[Collected data]

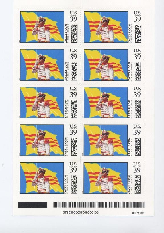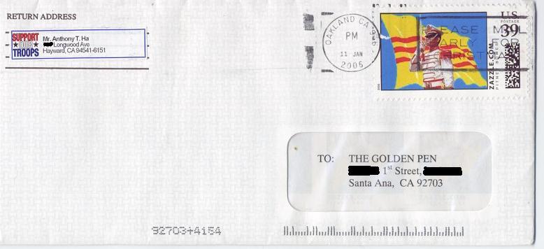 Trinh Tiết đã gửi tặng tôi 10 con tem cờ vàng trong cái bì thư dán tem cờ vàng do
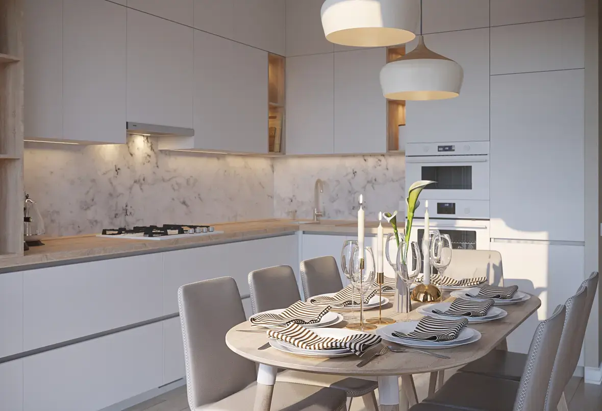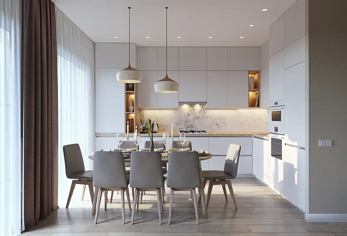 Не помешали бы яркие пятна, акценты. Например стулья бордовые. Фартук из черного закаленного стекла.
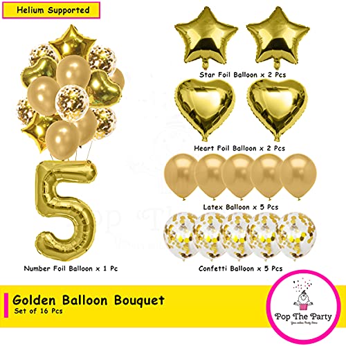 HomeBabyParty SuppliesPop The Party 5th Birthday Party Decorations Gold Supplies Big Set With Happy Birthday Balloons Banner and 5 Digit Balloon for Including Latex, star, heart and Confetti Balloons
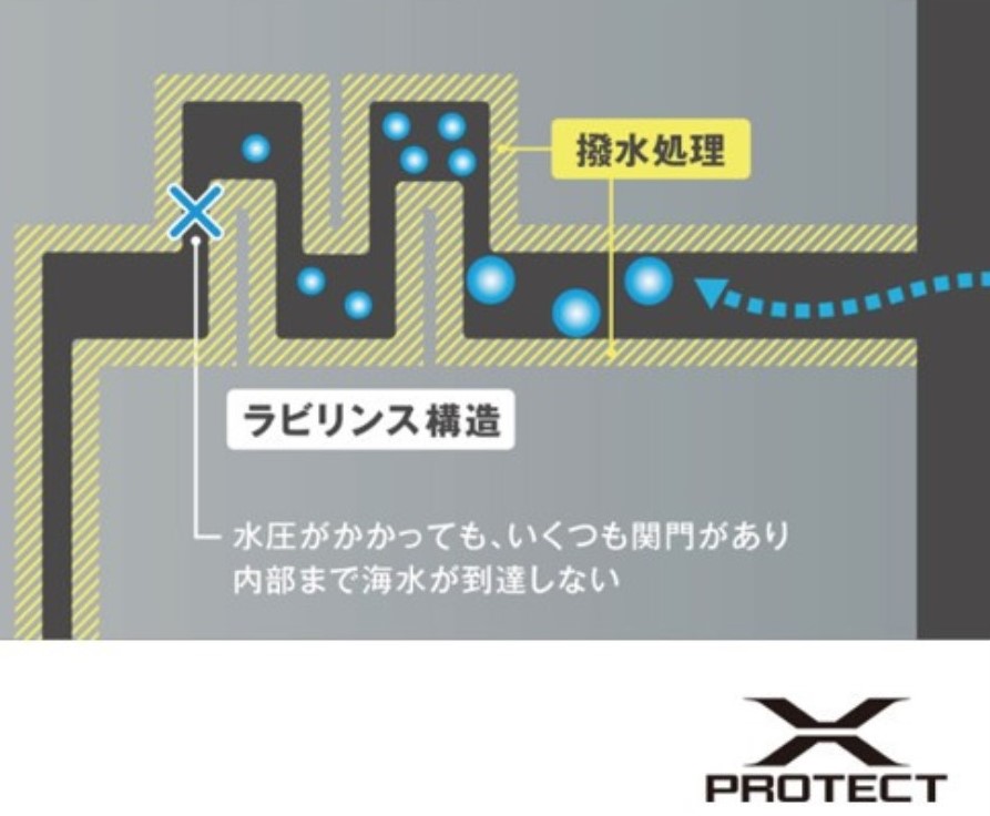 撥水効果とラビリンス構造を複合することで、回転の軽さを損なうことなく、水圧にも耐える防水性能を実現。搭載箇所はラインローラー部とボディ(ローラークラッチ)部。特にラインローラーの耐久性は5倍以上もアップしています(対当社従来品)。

[/Collected data]

■ Work to complete ■
Return the full listing exactly as written, without any of its images.

■ Solution ■
 Trinh Tiết đã gửi tặng tôi 10 con tem cờ vàng trong cái bì thư dán tem cờ vàng do
 Не помешали бы яркие пятна, акценты. Например стулья бордовые. Фартук из черного закаленного стекла.
 HomeBabyParty SuppliesPop The Party 5th Birthday Party Decorations Gold Supplies Big Set With Happy Birthday Balloons Banner and 5 Digit Balloon for Including Latex, star, heart and Confetti Balloons
 撥水効果とラビリンス構造を複合することで、回転の軽さを損なうことなく、水圧にも耐える防水性能を実現。搭載箇所はラインローラー部とボディ(ローラークラッチ)部。特にラインローラーの耐久性は5倍以上もアップしています(対当社従来品)。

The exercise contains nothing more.